Typically, though, lightning doesn’t strike twice. You don’t get another crisis event that causes that class of securities to become disordered again, at least, not for a while. We’re always fighting the last war, so if credit deterioration is happening, it is in a new place.

And thus the problem in talking to the fund analyst. The securities were highly risky at one point, so aren’t they risky now? You would like to say, “No such thing as a bad asset, only a bad price,” but the answer might sound too facile.

Only a few managers devoted the time and effort to analyzing these securities after the crisis. As such, the story doesn’t travel so well. Gundlach already has a lot of money to manage, and more money is flowing in, so he doesn’t have to care whether Morningstar truly understands what DoubleLine does or not. He can be happy with a slower pace of asset growth, and the lack of accolades which might otherwise go to him…

But, one of the signs of being truly an expert is being able to explain it to lesser mortals. It’s like this story of the famous physicist Richard Feynman:

Feynman was a truly great teacher. He prided himself on being able to devise ways to explain even the most profound ideas to beginning students. Once, I said to him, “Dick, explain to me, so that I can understand it, why spin one-half particles obey Fermi-Dirac statistics.” Sizing up his audience perfectly, Feynman said, “I’ll prepare a freshman lecture on it.” But he came back a few days later to say, “I couldn’t do it. I couldn’t reduce it to the freshman level. That means we don’t really understand it.”

Like it or not, the Morningstar folks have a job to do, and they will do it whether Gundlach and DoubleLine cooperates or not. As in other situations in the business world, you have a choice. You could task smart subordinates to spend adequate time teaching the Morningstar analyst your thought processes, or, live with the results of someone who fundamentally does not understand what you do. (This applies to bosses as well.)

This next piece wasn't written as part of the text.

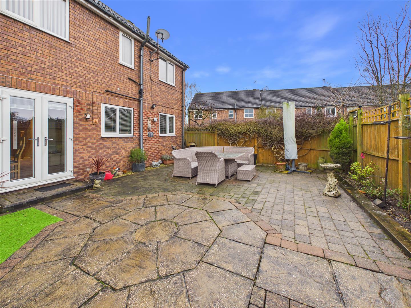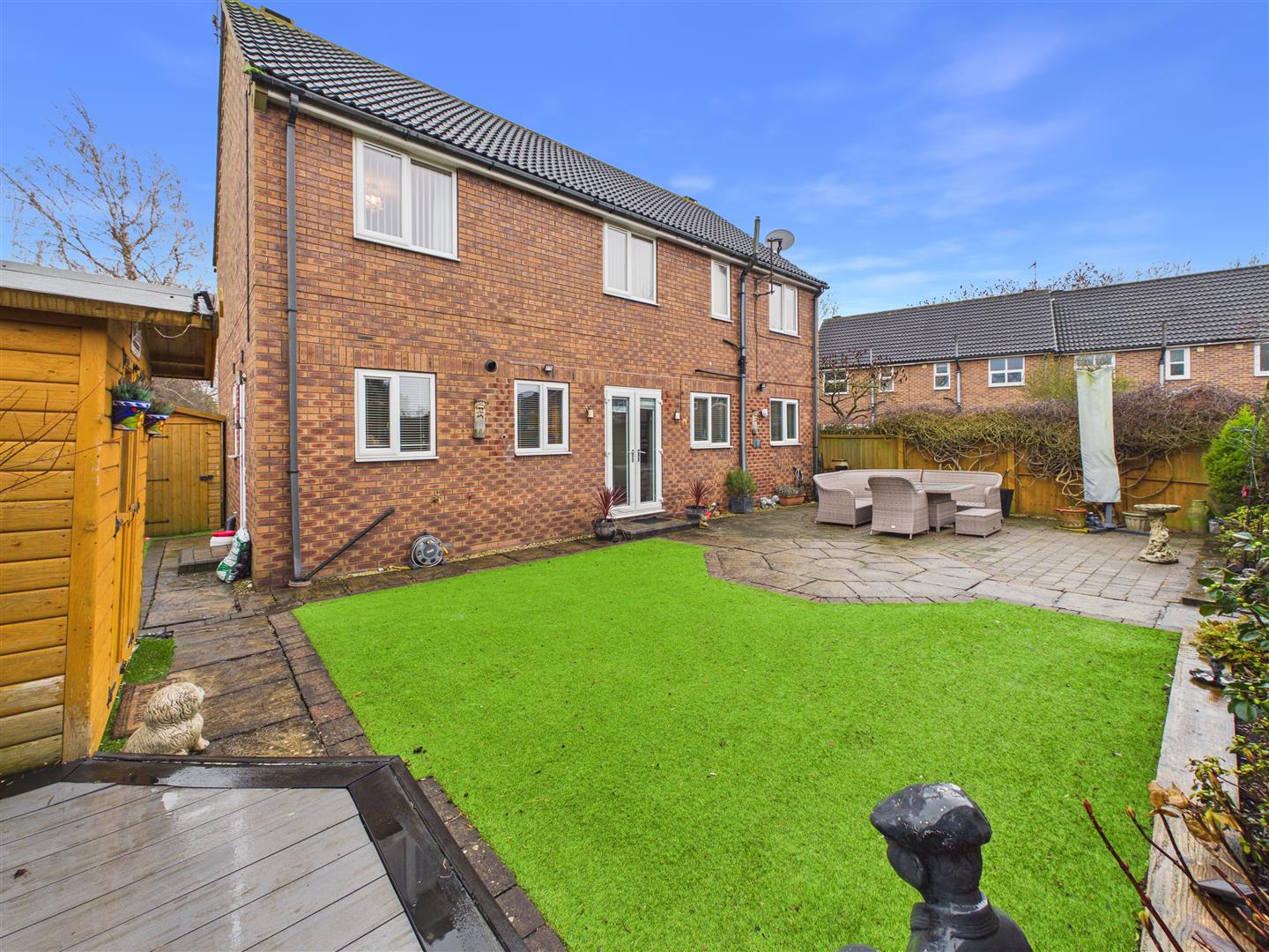 The exterior features attractive gardens to the front, while the rear offers a low-maintenance, westerly-facing space designed to make the most of the afternoon and evening sun. This area includes a patio, artificial lawn, decking, and a versatile summerhouse. To the rear, the property benefits from a single garage and its own driveway and parking for up to four vehicles.

In the end, this may not matter to DoubleLine and Gundlach. They have enough assets to manage, and then some. But in the end, this could matter to Morningstar. It says a lot if you can’t analyze one of the best funds out there. That would mean you really don’t understand well the fixed income business as it is presently configured. As such, I would say that it is incumbent on Morningstar to take the initiative, apologize to Gundlach, and try to re-establish good communications. If they don’t, the loss is Morningstar’s, and that of their subscribers.